Lastly, I did try modifying it to use a larger C99 datatype instead of int, just as an experiment, but that did nothing.
If anyone happens to see anything dumb, besides using an array haha, please let me know! This is driving me a bit crazy.
#include <stdio.h>
#include <stdlib.h>
#include <time.h>
int main()
{
const int MAX_NUMBERS = 32000; // don't go higher than about 32000
int* arr;
// arr is used for duplicate checking, a log of everything put into the file is recorded
// in arr and checked against to ensure uniqueness.
const int ALLOW_NEG = 1; // switch to choose whether to allow negative numbers or not.

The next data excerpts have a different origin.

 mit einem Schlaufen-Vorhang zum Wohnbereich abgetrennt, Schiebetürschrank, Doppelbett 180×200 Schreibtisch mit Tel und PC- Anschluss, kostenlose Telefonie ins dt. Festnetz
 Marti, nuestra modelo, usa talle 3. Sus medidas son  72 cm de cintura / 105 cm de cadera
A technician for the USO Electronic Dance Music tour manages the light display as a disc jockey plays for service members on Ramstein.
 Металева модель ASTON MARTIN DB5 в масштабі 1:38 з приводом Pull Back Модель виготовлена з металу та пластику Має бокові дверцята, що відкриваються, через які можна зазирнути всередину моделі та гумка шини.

int x = 0; // the random number that was generated
int index = 0; // main loop control
int index2 = 0; // dupe check loop control
int hpos = 1; // used to select which type of whitespace to add
int uniNum = 1; // uniqueness flag
FILE *f = fopen("nums.txt", "w"); // open the file for writing. creates it if it's not there.

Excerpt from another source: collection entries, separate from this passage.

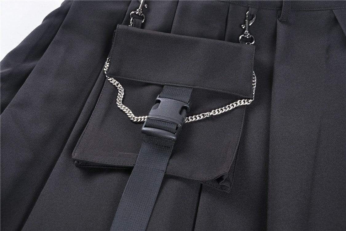 Women's Gothic Black Pleated Mini Skirt With Waist Pocket
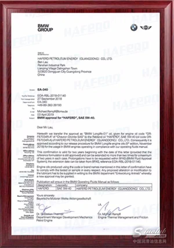哈弗润滑油汽机油系列产品获得德国宝马技术认证
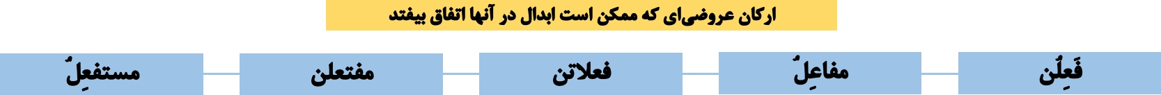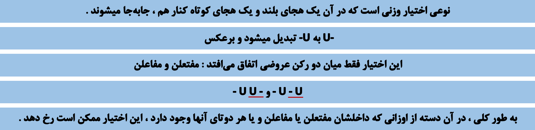🔵 در هر رکن عروضیای که دو هجای کوتاه کنار هم قرار داشته باشند ، این اختیار میتواند اعمال شود . 🔵
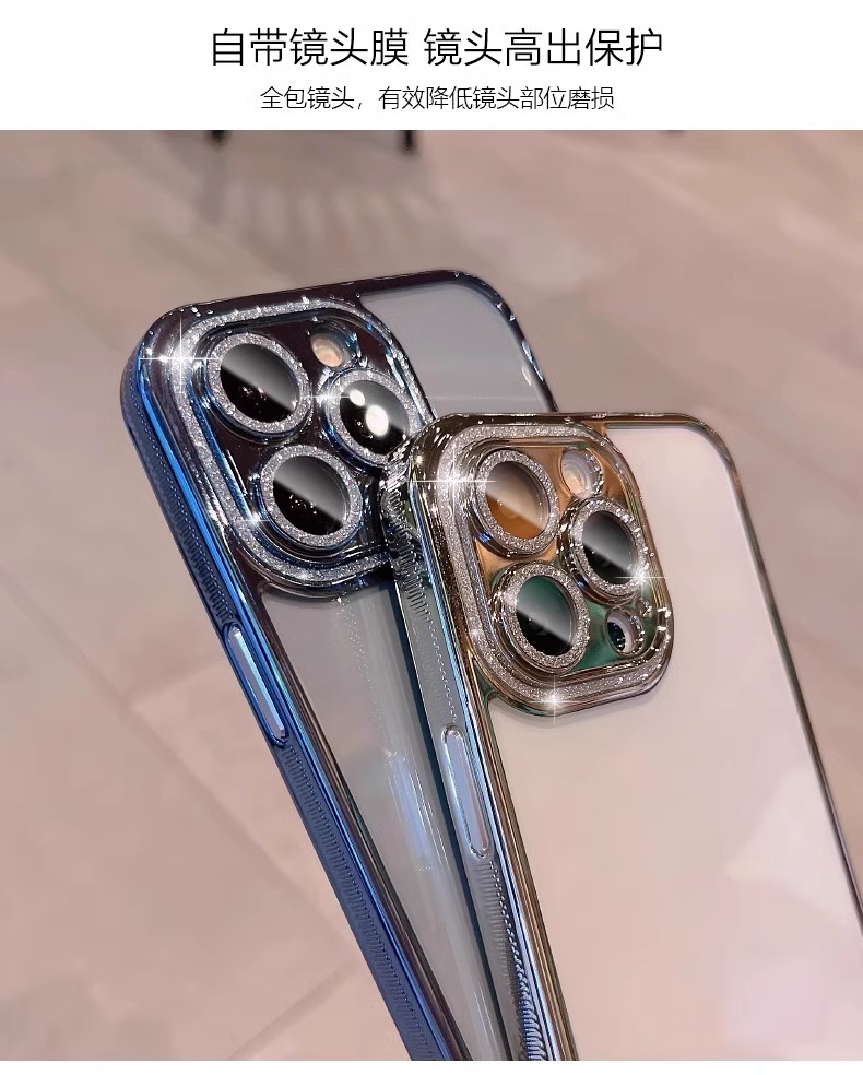 自帶閃粉鏡頭膜蘋果14promax手機殼新款iPhone15Pro全包防摔13pro透明奢華plus硅膠保護套ip12pm網紅女pro潮
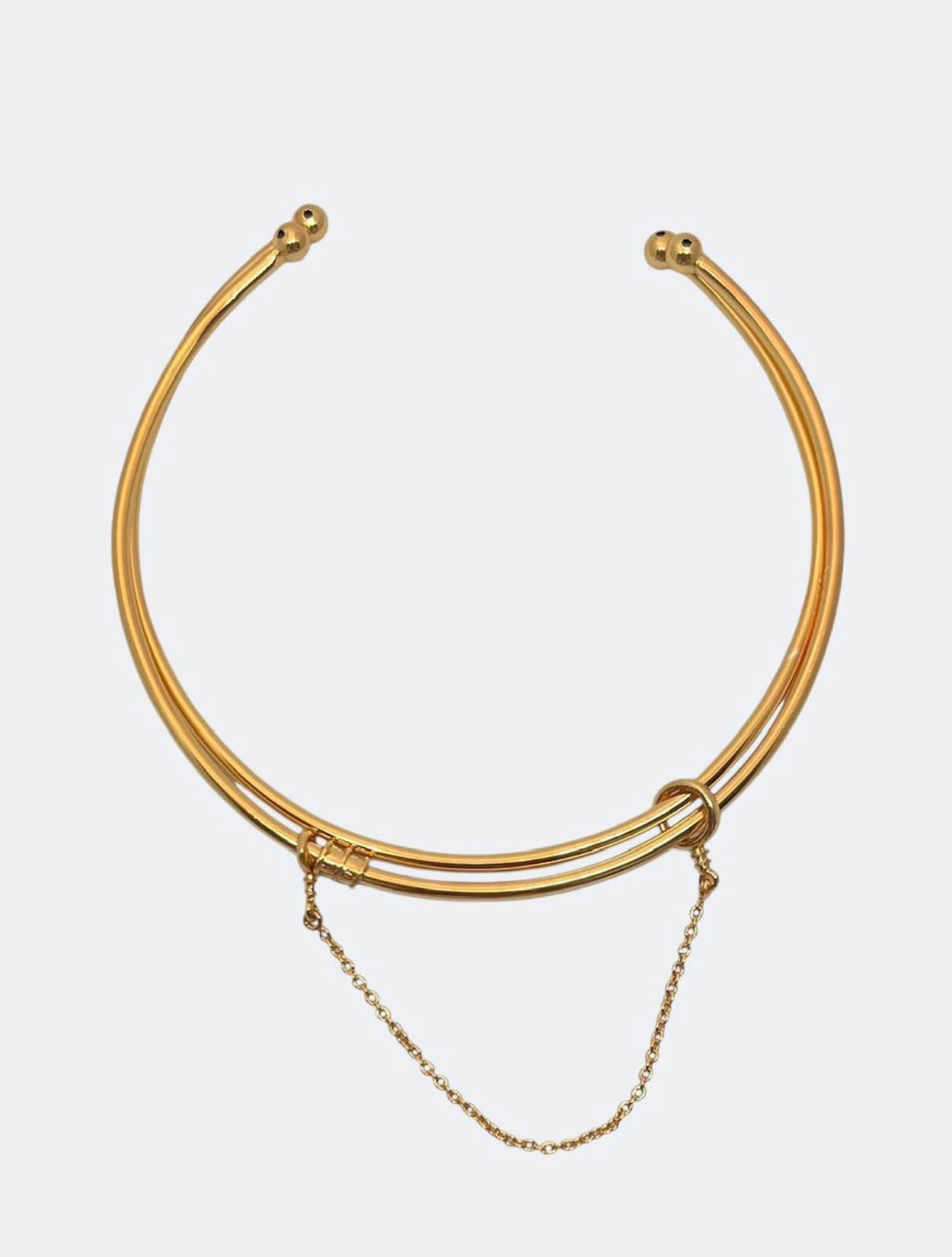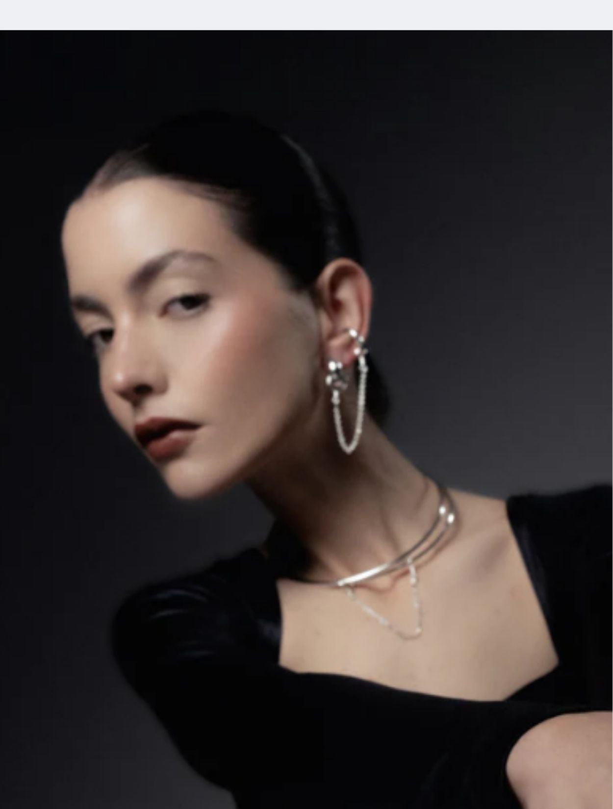 Una pieza de alta orfebrería que redefine la sofisticación. Esta gargantilla presenta un diseño semirrígido, pulcro y abierto, adornado con una sutil cadena de caída delicada que aporta movimiento y distinción al escote.

arr = calloc(MAX_NUMBERS, sizeof(int)); // allocate space for the array
for (index = 0; index < MAX_NUMBERS; index++) // arr init loop
arr[index] = 999999999; // init the array to an invalid value. initially was 0, but caused 0 to be omitted by the dupe checker
if (f == NULL){ // sanity check for the file
printf("Error: Unable to open file. Program aborting.\n");
exit(1);
}
printf("Generating data file...\n");
srand(time(NULL)); // seed the random number generator
fprintf(f, "%d\n", MAX_NUMBERS); // write the first line, the total number of ints in the file
for (index = 0; index < MAX_NUMBERS; index++) { // main loop
printf("\r%d", index); // just a display of the indices as the loops running, useless for small counts, semi-useful for very large amounts (100k+)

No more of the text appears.